=== Begin Enclosure ===
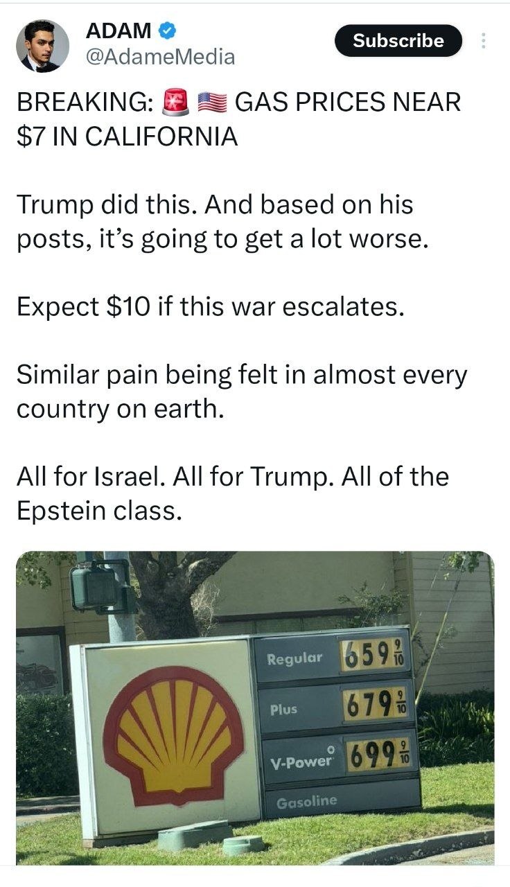 اگر این جنگ تشدید شود، انتظار ۱۰ دلار را داشته باشید. درد مشابهی تقریباً در هر کشور روی زمین احساس می‌شود.
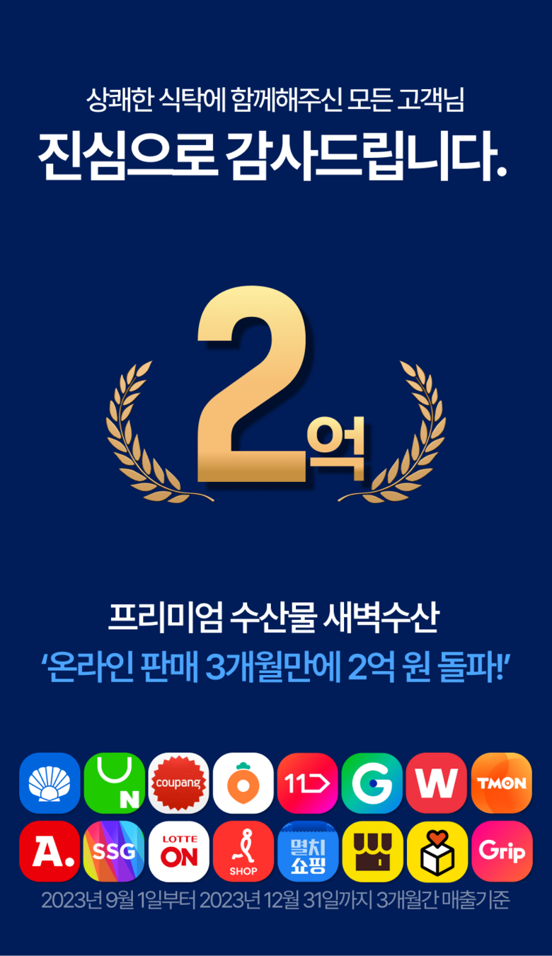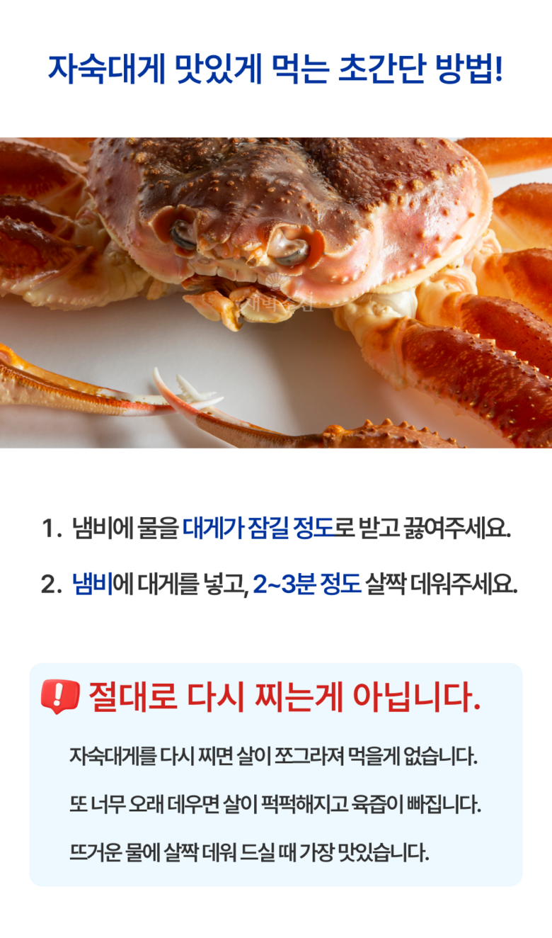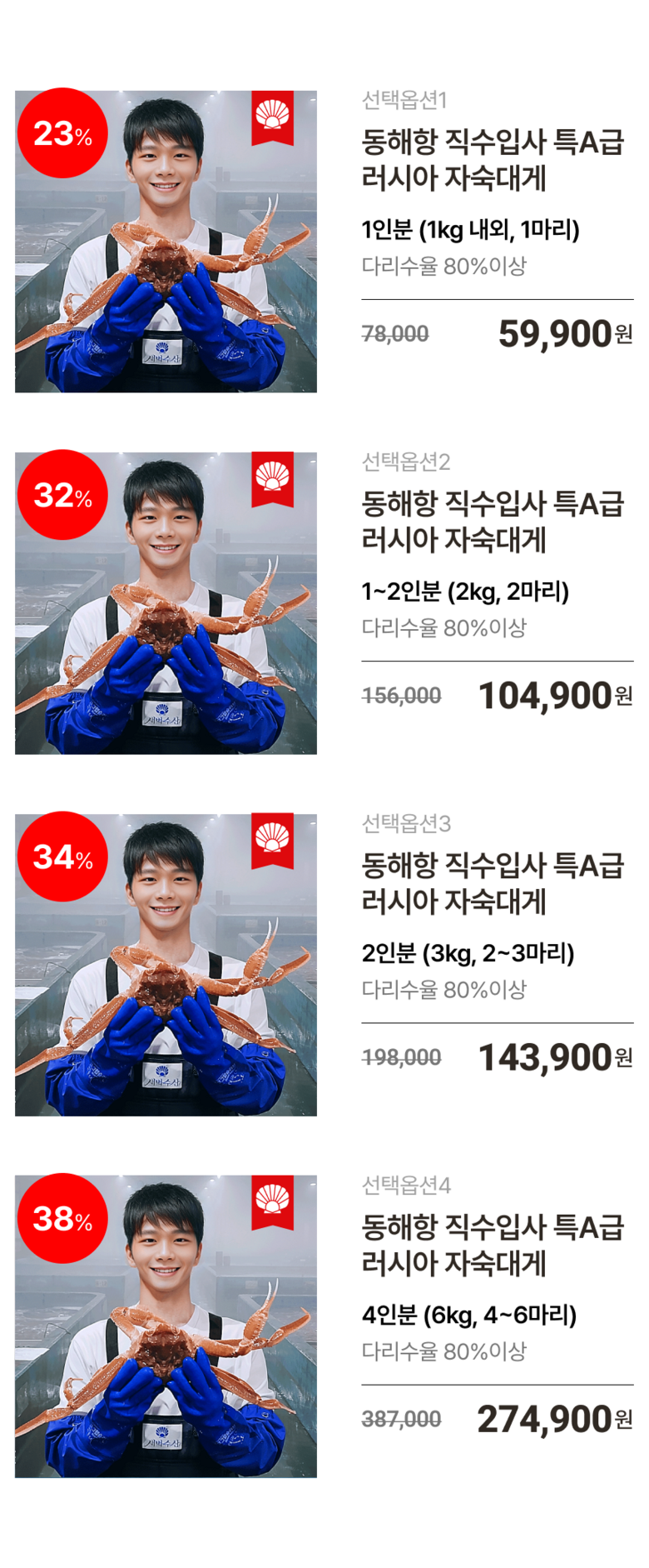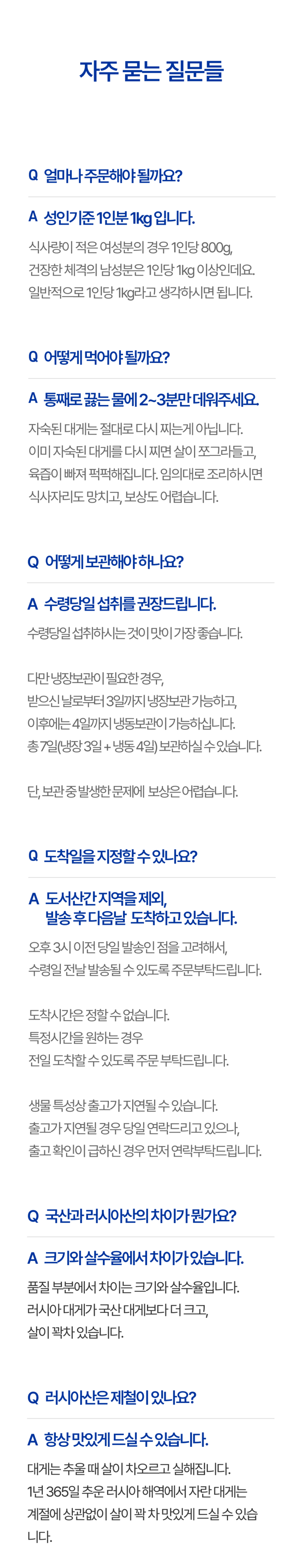 | 품목 또는 명칭 | 새벽수산 프리미엄 대게 | 포장단위별 내용물의 용량(중량),수량,크기 | 1kg 내외 (1마리) / 2kg (2마리) / 3kg (3~4마리) / 6kg(6~8마리) |
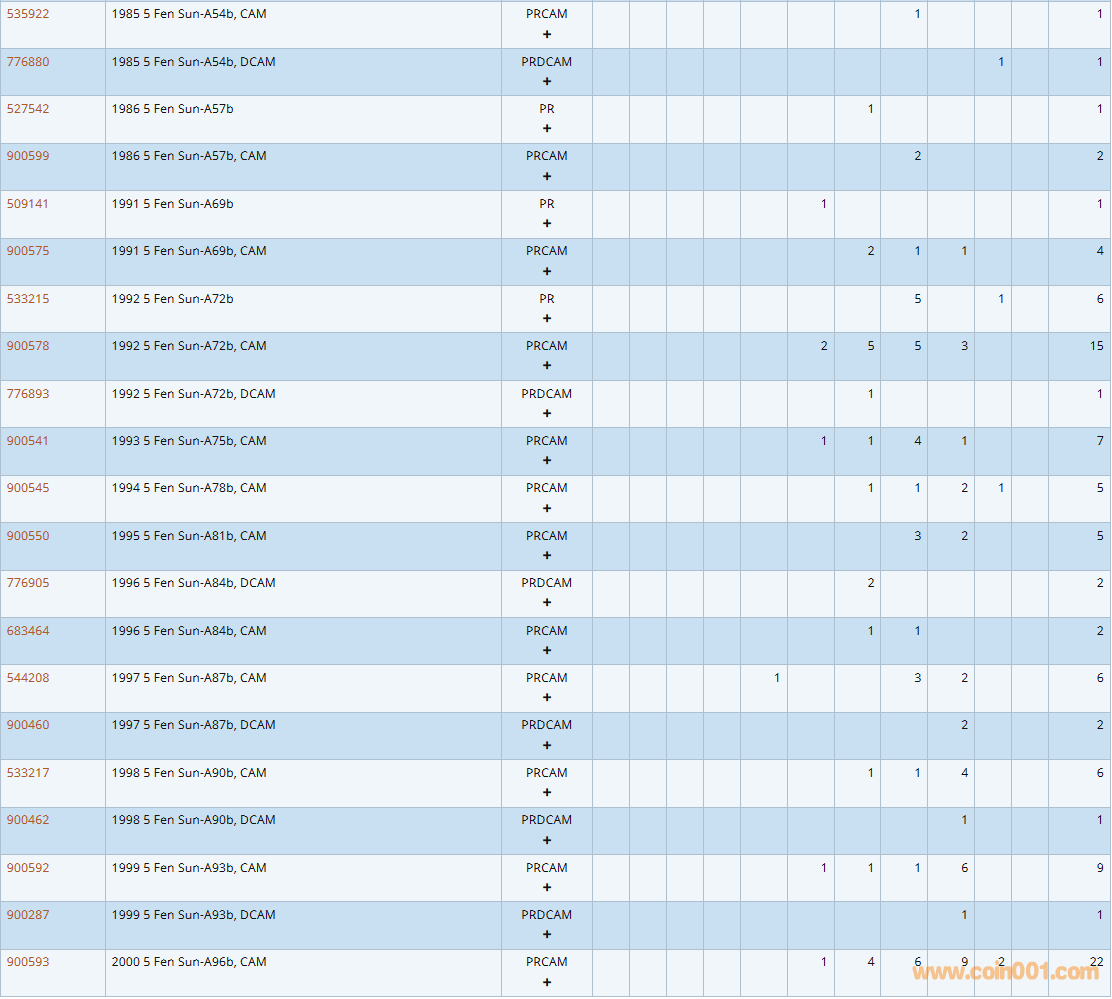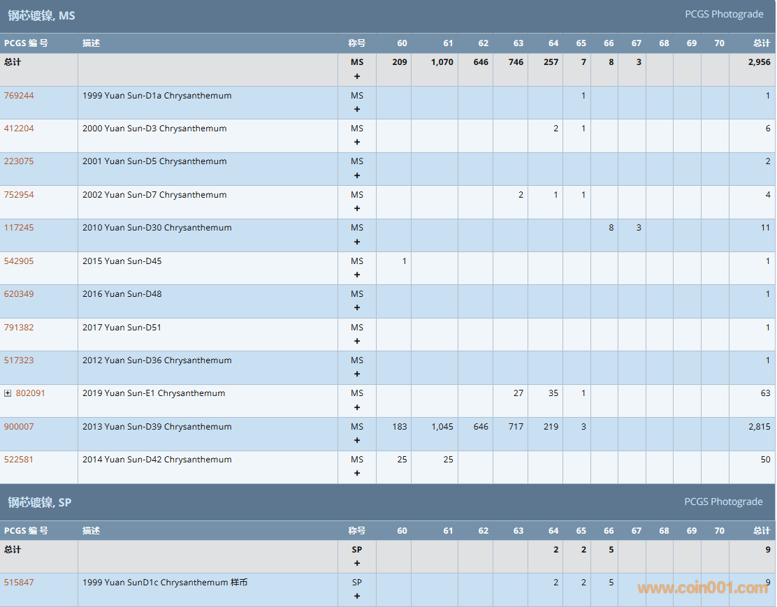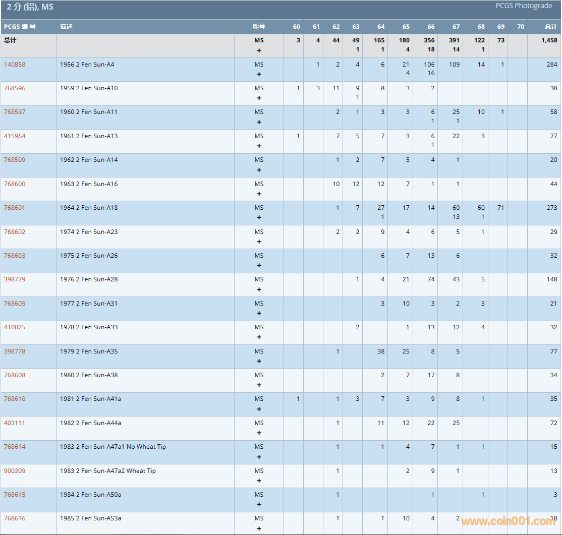 PCGS硬幣評級數(shù)量報告( ..
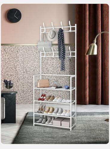Generic - Entryway Hall Tree with Shoe Rack, 155 cm Height, 4-Tier Storage Shelves, 8 Coat Hooks, White Metal Frame (WHITE)
=== End Enclosure ===
Problem to work on> Copy all of the listing word for word, minus the images.

Result below>
 اگر این جنگ تشدید شود، انتظار ۱۰ دلار را داشته باشید. درد مشابهی تقریباً در هر کشور روی زمین احساس می‌شود.
 | 품목 또는 명칭 | 새벽수산 프리미엄 대게 | 포장단위별 내용물의 용량(중량),수량,크기 | 1kg 내외 (1마리) / 2kg (2마리) / 3kg (3~4마리) / 6kg(6~8마리) |
 PCGS硬幣評級數(shù)量報告( ..
Generic - Entryway Hall Tree with Shoe Rack, 155 cm Height, 4-Tier Storage Shelves, 8 Coat Hooks, White Metal Frame (WHITE)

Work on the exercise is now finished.